§ EXERCISE REQUIREMENTS:
Please output exactly the lines below, starting at the line that has "Kantor Pelayanan Pajak" and ending at the line that has "6月10日,乐发Ⅱ22021", both included; leave out all pictures and include nothing else.

§ DATA FOR PROCESSING:
==========
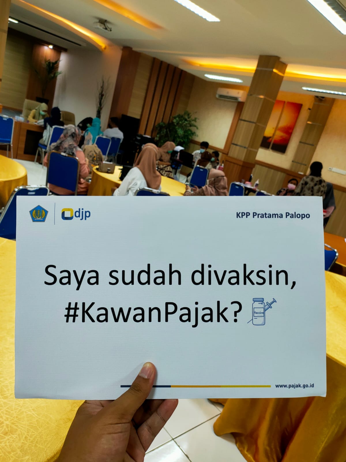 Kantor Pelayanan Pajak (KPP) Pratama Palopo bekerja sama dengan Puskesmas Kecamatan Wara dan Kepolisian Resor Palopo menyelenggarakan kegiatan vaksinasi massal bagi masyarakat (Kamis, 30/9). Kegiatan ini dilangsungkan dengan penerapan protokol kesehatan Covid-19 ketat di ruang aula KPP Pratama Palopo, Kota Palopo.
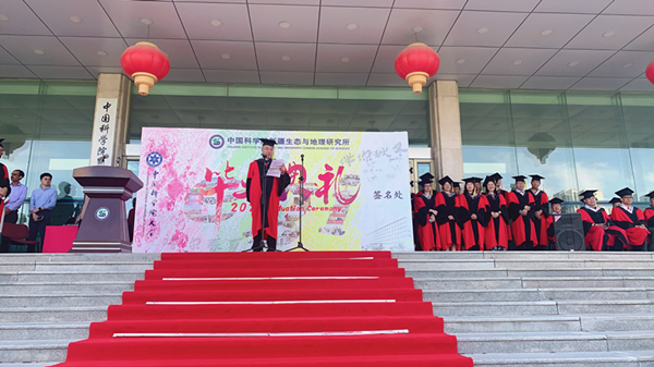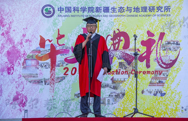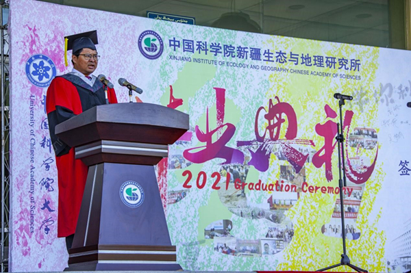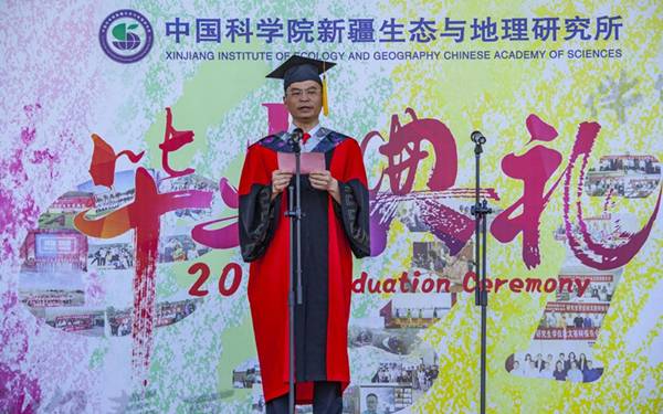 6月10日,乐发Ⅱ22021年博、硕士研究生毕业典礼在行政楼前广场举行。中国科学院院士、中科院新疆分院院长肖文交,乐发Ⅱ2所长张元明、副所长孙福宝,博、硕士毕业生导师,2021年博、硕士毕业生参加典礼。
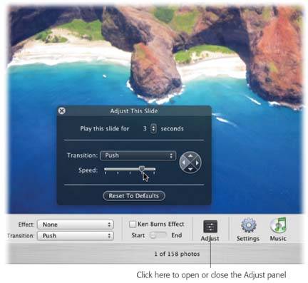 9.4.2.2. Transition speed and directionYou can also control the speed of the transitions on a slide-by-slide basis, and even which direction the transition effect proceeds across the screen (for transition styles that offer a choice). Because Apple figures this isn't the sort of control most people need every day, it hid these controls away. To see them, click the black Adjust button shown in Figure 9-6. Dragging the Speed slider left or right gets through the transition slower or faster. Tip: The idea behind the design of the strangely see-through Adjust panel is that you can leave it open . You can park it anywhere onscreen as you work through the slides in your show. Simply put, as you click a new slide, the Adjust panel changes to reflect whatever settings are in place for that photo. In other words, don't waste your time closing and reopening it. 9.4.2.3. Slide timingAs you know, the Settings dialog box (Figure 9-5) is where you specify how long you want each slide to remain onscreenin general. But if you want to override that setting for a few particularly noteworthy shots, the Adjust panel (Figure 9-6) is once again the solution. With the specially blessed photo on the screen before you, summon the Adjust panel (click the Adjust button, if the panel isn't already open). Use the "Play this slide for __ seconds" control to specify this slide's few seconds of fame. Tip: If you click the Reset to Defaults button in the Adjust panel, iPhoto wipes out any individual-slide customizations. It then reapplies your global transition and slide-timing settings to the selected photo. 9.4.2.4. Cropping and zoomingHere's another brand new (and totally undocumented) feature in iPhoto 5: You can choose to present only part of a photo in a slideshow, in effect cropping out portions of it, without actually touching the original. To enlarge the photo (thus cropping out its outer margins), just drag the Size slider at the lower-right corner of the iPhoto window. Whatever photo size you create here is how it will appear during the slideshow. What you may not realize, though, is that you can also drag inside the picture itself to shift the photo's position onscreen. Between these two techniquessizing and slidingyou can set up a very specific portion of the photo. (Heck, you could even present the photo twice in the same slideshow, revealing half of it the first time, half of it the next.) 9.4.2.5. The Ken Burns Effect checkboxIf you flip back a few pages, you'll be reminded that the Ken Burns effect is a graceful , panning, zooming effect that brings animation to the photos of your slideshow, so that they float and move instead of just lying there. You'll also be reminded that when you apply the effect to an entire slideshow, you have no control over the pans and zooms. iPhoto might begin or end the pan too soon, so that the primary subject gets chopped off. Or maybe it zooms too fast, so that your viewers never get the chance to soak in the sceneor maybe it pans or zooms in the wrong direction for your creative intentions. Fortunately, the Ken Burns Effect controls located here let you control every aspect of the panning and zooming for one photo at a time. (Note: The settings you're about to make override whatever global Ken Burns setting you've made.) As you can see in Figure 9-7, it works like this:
==========
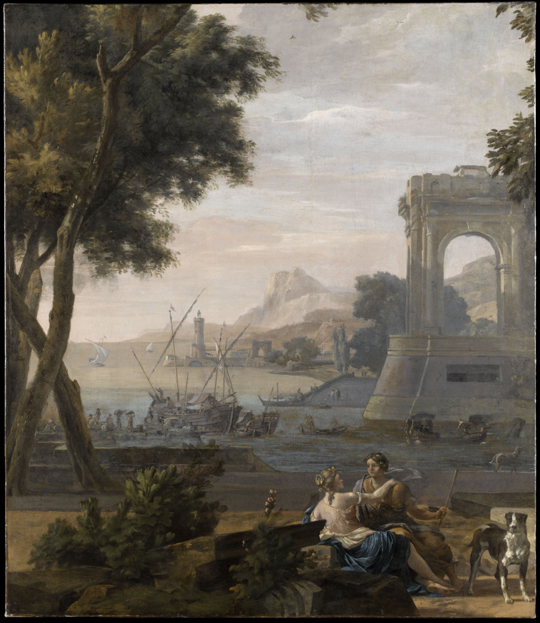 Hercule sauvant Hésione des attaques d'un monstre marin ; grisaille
==========
§ OUTPUT OF THE EXERCISE:
 Kantor Pelayanan Pajak (KPP) Pratama Palopo bekerja sama dengan Puskesmas Kecamatan Wara dan Kepolisian Resor Palopo menyelenggarakan kegiatan vaksinasi massal bagi masyarakat (Kamis, 30/9). Kegiatan ini dilangsungkan dengan penerapan protokol kesehatan Covid-19 ketat di ruang aula KPP Pratama Palopo, Kota Palopo.
 6月10日,乐发Ⅱ22021年博、硕士研究生毕业典礼在行政楼前广场举行。中国科学院院士、中科院新疆分院院长肖文交,乐发Ⅱ2所长张元明、副所长孙福宝,博、硕士毕业生导师,2021年博、硕士毕业生参加典礼。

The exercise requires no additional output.